Mark Edwards' In My Opinion: Stall basketball seems OK in this situation
by Mark Edwards
Feb 19, 2014 | 1896 views |  0 comments | 46 46 recommendations | email to a friend | print
Typically, a 15-2 score in a high school varsity basketball game would turn my stomach, but in the case of the AISA AAA girls championship game, it's an interesting story how two teams managed to combine for only 17 points.

Powerhouse Glenwood faced Lee-Scott in the title contest, marking the fourth time they faced off this season. Entering the game, Glenwood had won all three previous meetings, including the most one by 32 points with a running clock, according to the Montgomery Advertiser.

In the championship game, Glenwood made a 3-pointer to start the game, and three-time defending champion Lee-Scott responded by stalling. The halftime score was 3-1. Lee-Scott didn't get out of the stall until the fourth quarter, which allowed Glenwood a chance to break double figures.

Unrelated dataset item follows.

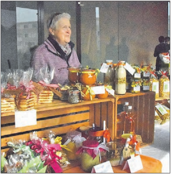 st.Wenn die Landfrauen von Staffelbach jeweils im September die «Früchte des Sommers» im Rahmen eines grossen Herbstmarktes präsentieren, steht definitiv der Herbst vor der Tür. Sie begnügen sich jedoch nicht damit, Obst, Früchte, Gemüse und Brot zu verkaufen, sie bieten auch einen währschaften «Zmorgeteller» an mit einheimischen Produkten aus den Landfrauenküchen. Brot wird vor Ort im Holzofen gebacken, und eine bunte Blumenpracht, in wunderschöne Arrangements verarbeitet, wartet auf Käuferinnen und Käufer. Und der Duft nach frischen Brätzeli, welcher über dem Turnhallenareal liegt, ist geradezu betörend – man muss einfach hin und etwas kaufen. Unsere Bilder zeigen die farbenfrohe Auslage selbstgemachter Konfitüren, Teigwaren und zum Teil exotischer Saucen sowie Christine Schönbächler…

Lee-Scott coach Chad Prewett told the Advertiser afterward he felt Glenwood was better and he had to try something different.

Certainly, who wants to watch a team stall. But if you're a coach and trying to come up with a possible way you might beat a team that has handed you three losses already, why not stall? It's not like high school basketball has a shot clock.

Kudos to Prewett. He likely drew a good bit of criticism, including from the opposing coach. Glenwood's Julie Humphries, who told the Advertiser the previous three losses "probably hurt (Prewett's) feelings, and he had to try something different." But if you're a coach who's trying to win a championship, there's nothing wrong with using a strategy that's well within the rules.